- _WHAT TO WORK ON_: The lines to copy run from the one containing "The slow-cooked roast" to the very end of the records; give them exactly, and only them, without pictures.

(Records from a collection)
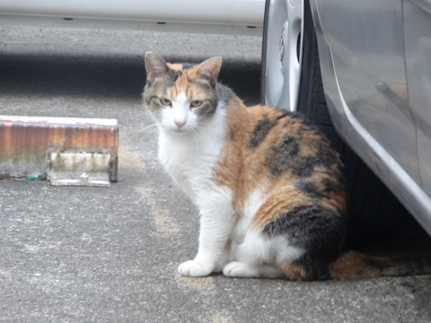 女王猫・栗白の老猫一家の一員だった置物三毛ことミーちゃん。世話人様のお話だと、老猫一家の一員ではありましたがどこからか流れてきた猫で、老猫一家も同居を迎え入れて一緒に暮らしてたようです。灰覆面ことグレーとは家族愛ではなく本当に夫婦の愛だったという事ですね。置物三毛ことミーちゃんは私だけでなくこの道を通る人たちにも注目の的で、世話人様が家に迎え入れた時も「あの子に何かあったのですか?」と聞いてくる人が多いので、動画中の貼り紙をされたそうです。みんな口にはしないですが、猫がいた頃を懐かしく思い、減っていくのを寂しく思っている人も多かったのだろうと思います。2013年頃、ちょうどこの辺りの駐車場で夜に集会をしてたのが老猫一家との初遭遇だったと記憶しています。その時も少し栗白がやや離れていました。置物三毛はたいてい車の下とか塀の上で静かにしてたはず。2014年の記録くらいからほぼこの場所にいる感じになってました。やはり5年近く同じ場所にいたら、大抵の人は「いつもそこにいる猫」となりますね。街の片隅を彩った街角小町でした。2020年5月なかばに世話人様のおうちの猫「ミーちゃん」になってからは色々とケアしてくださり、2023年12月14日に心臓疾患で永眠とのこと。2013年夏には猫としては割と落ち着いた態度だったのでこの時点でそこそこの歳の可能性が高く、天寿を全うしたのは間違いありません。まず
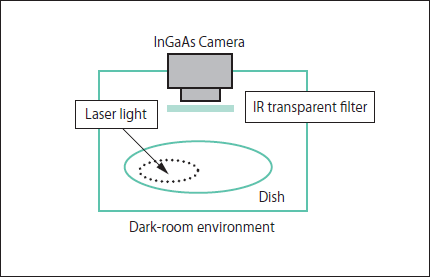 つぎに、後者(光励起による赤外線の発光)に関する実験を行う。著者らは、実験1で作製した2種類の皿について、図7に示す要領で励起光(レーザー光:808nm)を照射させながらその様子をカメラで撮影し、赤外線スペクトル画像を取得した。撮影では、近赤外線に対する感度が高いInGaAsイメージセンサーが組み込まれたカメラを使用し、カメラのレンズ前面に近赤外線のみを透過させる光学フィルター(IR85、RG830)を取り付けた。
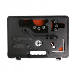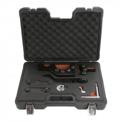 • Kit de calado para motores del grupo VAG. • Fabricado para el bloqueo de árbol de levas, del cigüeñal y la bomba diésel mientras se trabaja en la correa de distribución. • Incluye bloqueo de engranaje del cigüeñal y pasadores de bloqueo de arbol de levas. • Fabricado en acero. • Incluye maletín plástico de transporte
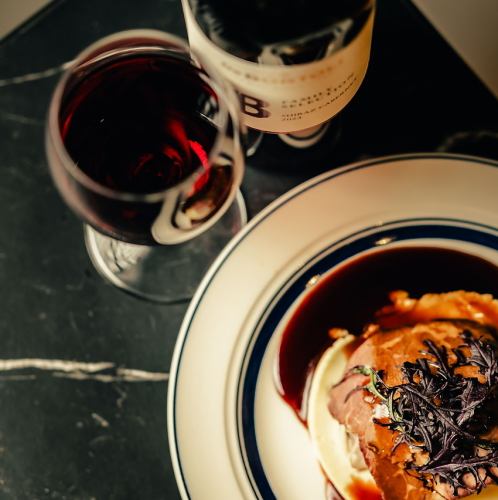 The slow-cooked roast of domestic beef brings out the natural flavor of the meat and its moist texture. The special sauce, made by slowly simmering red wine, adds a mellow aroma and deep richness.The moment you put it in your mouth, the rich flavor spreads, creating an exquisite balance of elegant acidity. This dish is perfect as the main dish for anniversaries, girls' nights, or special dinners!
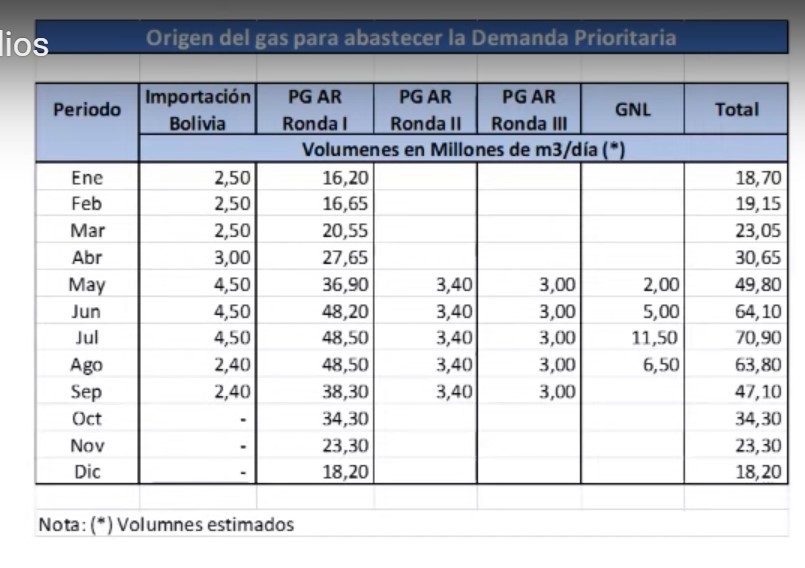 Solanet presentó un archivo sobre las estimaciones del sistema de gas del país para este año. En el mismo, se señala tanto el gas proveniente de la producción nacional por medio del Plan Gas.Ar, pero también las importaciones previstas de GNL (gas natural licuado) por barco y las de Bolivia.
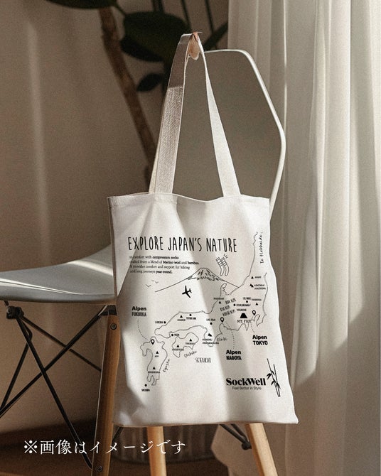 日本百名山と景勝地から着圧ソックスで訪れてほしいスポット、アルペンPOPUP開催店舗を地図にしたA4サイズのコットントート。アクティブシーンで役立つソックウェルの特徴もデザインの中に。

- _EXPECTED ANSWER_:
 The slow-cooked roast of domestic beef brings out the natural flavor of the meat and its moist texture. The special sauce, made by slowly simmering red wine, adds a mellow aroma and deep richness.The moment you put it in your mouth, the rich flavor spreads, creating an exquisite balance of elegant acidity. This dish is perfect as the main dish for anniversaries, girls' nights, or special dinners!
 Solanet presentó un archivo sobre las estimaciones del sistema de gas del país para este año. En el mismo, se señala tanto el gas proveniente de la producción nacional por medio del Plan Gas.Ar, pero también las importaciones previstas de GNL (gas natural licuado) por barco y las de Bolivia.
 日本百名山と景勝地から着圧ソックスで訪れてほしいスポット、アルペンPOPUP開催店舗を地図にしたA4サイズのコットントート。アクティブシーンで役立つソックウェルの特徴もデザインの中に。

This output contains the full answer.